Образцы сыворотки (0,5 мл) аликвотировали в пробирки для определения ретинола и РЭ; Для денатурации белков добавляли 1,25-кратный объем этанола. В качестве внутреннего стандарта использовали С23-β-апо-каротинол. Образцы трижды экстрагировали гексаном по 0,75 мл; супернатантные фракции объединяли, сушили в атмосфере азота и восстанавливали в смеси 100 мкл метанол:дихлорэтан (75:25, объем:объем). Два мкл вводили в UPLC® в условиях, описанных ниже. Сывороточный С-реактивный белок (CRP) и альфа-1-кислый гликопротеин (AGP) анализировали для оценки воспаления с использованием наборов ELISA (CRP: Cayman Chemical Company; AGP: Abcam). Концентрации ликопина и альфа- и бета-каротина определяли рутинным анализом ВЭЖХ.

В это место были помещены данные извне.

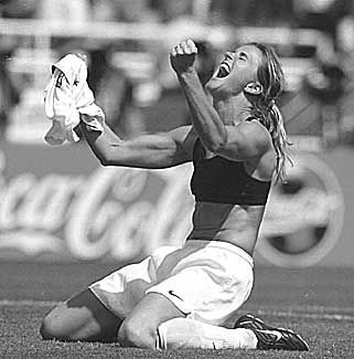 San Jose native Brandi Chastain doffs her shirt and creates a sensation after kicking the U.S. team to Women's World Cup Soccer championship. July 11, 1999

Метод сверхвысокоэффективной жидкостной хроматографии (UPLC) Предварительную колонку Waters Acquity UPLC HSS C18 1,8 мкм VanGuard использовали в сочетании с колонкой Waters Acquity UPLC® HSS C18 (1,8 мкм, 2,1 x 150 мм). В методе использовались две смеси растворителей, запрограммированные на 29-минутный градиент. Растворитель А представлял собой ацетонитрил-вода-изопропанол (70:25:5, объем:объем:объем) с 10 ммоль/л ацетата аммония, а растворитель В представлял собой метанол-изопропанол (75:25, объем:объем). Температуру колонки устанавливали на 32°С, а скорость потока составляла 0,4 мл/мин. Градиент начинался с выдерживания 100% растворителя А в течение 7 минут, после чего следовал 4-минутный линейный переход к 5% А и еще один переход к 1% А в течение 12 минут. Затем градиент растворителя реверсировали до 100% А за 2 мин и уравновешивали в течение 4 мин. Хроматограммы генерировали при 311 нм для α-ретинола и α-RE, 325 нм для ретинола и RE и 450 нм для каротиноидов. альфа-РЭ, полученные почти исключительно из бета-каротина в рационе, были количественно оценены как косвенный показатель долгосрочного воздействия овощей. Концентрации рассчитывали с использованием стандартных кривых, полученных из аутентичных очищенных ВЭЖХ стандартов α-ретинола и ретинола.